A Sudoku Solver in JavaScript Without Backtracking

The Codewars kata reads: write a function that takes a 9x9 sudoku grid as a 2D array, with 0 for unknowns, and return the solved board. Buried in the prose: the puzzles will be easy, i.e. determinable.

That word — determinable — is the whole problem. It says every empty cell can, eventually, be filled by elimination alone. No guessing. No "try a 5 here and see if the rest of the board breaks." If you read past it too quickly you end up writing a general sudoku solver, and a general sudoku solver means backtracking.

The obvious approach

The textbook answer to "solve any sudoku" is recursive backtracking. Pick an empty cell, try each legal digit, recurse, and if the recursion comes back as a dead end, undo and try the next digit. It works on every solvable sudoku in existence — including the genuinely hard ones where multiple candidates remain at every cell and the only way forward is hypothesis-and-rollback.

It also does a lot of pointless work on this kata. The puzzles are stated to be determinable, which means at every step of the solve there exists at least one empty cell with exactly one possible value. You never need to branch. You never need to undo. The "search" tree is a straight line.

What actually works here

For each empty cell, look at three things:

• the row it sits in
• the column it sits in
• the 3x3 box it sits in

Union those into a set of "digits already used in this cell's neighbourhood." If the set contains eight distinct digits from 1 to 9, then the ninth — the missing one — is forced. That's the value. Write it in.

Repeat the sweep until the board is full.

That's the whole algorithm. No candidate lists per cell, no naked-pairs, no hidden-singles, no DLX. Just: "is exactly one digit missing from this cell's row + column + box?" If yes, fill it.

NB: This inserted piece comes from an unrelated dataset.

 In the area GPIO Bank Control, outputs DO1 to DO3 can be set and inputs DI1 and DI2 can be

const vals = [0, 1, 2, 3, 4, 5, 6, 7, 8];

function sudoku(puzzle) {
  for (const y of vals) {
    for (const x of vals) {
      if (puzzle[y][x] !== 0) continue;

      const row = puzzle[y];
      const col = puzzle.map(r => r[x]);

      const sqX = ~~(x / 3) * 3;
      const sqY = ~~(y / 3) * 3;
      const square = vals.map(i => puzzle[sqY + ~~(i / 3)][sqX + (i % 3)]);

      const seen = new Set([...row, ...col, ...square].filter(Boolean));

      if (seen.size === 8) {
        puzzle[y][x] = [1, 2, 3, 4, 5, 6, 7, 8, 9].find(n => !seen.has(n));
        return sudoku(puzzle);
      }
    }
  }
  return puzzle;
}

A few notes on what's happening there.

The set is the trick. Spread the row, the column and the nine box cells into a single Set, filter out the zeros (those are "unknown" not "used"), and ask size === 8. A set deduplicates for free, which is exactly what you want — a digit that appears in both the row and the box should count once.

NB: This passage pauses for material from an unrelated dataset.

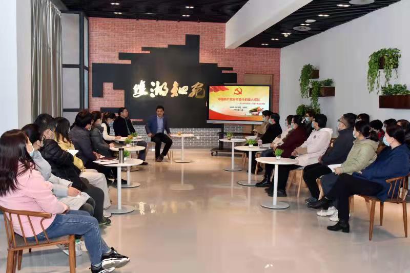 为扎实推进党史学习教育,更好地学习和领会党的十九届六中全会精神实质和丰富内涵,11月25日下午,第十九期双湖知苑在图书馆五楼举行。本期特邀马克思主义学院副院长刘中元做客双湖知苑解读党的十九届六中全会精神。活动由第四党总支书记、图书馆副馆长尤太生主持,图书馆全体职工参加活动。

~~ is Math.floor in disguise — double bitwise NOT truncates toward zero. Stylistic, slightly horrendous, do what you like. Math.floor(x / 3) * 3 reads the same.

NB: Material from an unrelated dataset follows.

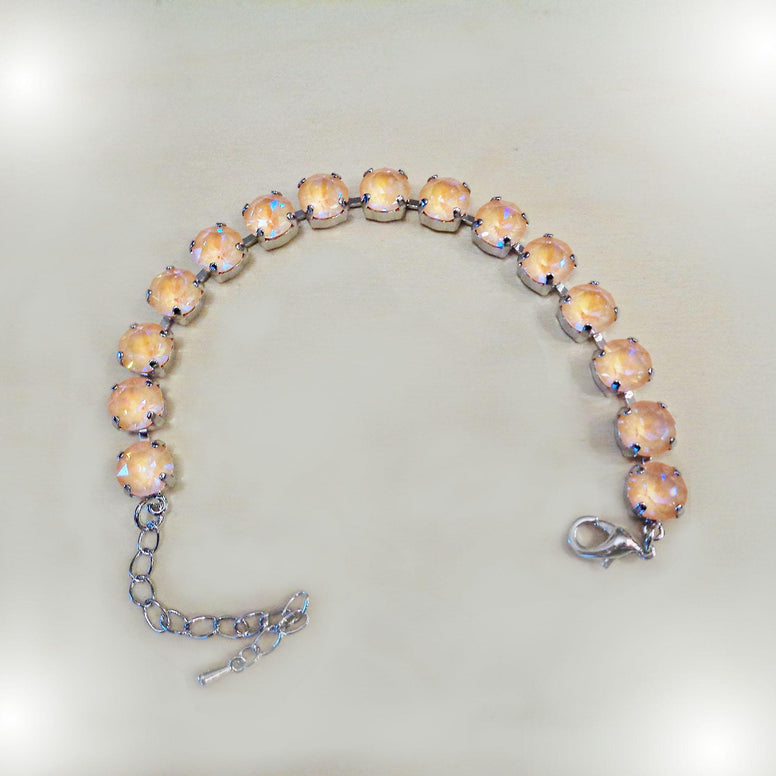ITEM TYPE: braceletMATERIAL/GEMSTONE: Austrian crystalCRYSTAL TYPE: 8mm roundSIZE: 17+3cmCOLOUR: light peach deliteMETAL: rhodium silver plated

The recursion is doing nothing clever. After filling one cell, the board state has changed, so re-sweep from the top. When a full sweep completes without finding any forced cell, the board is solved and we fall through to the return.

Why this works on Codewars and nowhere else

The honest version of this post: the algorithm above will hang or return an incomplete board on any sudoku that requires lookahead. If you ever reach a sweep where every empty cell has two or more legal candidates, seen.size never hits 8, nothing gets filled, and the function returns the puzzle as-is.

Most real sudokus — the hard ones in newspapers, the "evil" tier on apps — are not determinable in this sense. They require you to provisionally place a digit, follow the consequences, and roll back if it contradicts. That's backtracking, and it's unavoidable.

Codewars guarantees determinable inputs. Within that guarantee, search is wasted code. The lesson generalises beyond sudoku.

The actual lesson

When the search space has enough structure, constraint propagation can replace search entirely.

Most problems live somewhere on a spectrum. At one end: pure search, where you have no information beyond "is this state valid?" and the only move is to try things. At the other end: pure deduction, where every step is forced by what you already know. Backtracking is the universal hammer for the first end. Constraint propagation is the scalpel for the second.

The mistake is to default to the hammer because it always works. The thing worth noticing is the shape of the problem. The word "determinable" in a kata description is a load-bearing word. So is "unique solution," "well-formed input," "guaranteed to converge." When the problem statement tells you the inputs are nice, the solution can be nicer too.

In practice it looks like this: a function that would have been thirty lines of recursion-with-state becomes ten lines of "sweep and fill." It runs faster. It's easier to read. And it fails loudly and immediately on inputs that violate the assumption — which, if you're being honest about your inputs, is a feature.

The general solver still exists. Keep it in your back pocket for the day someone hands you a real sudoku.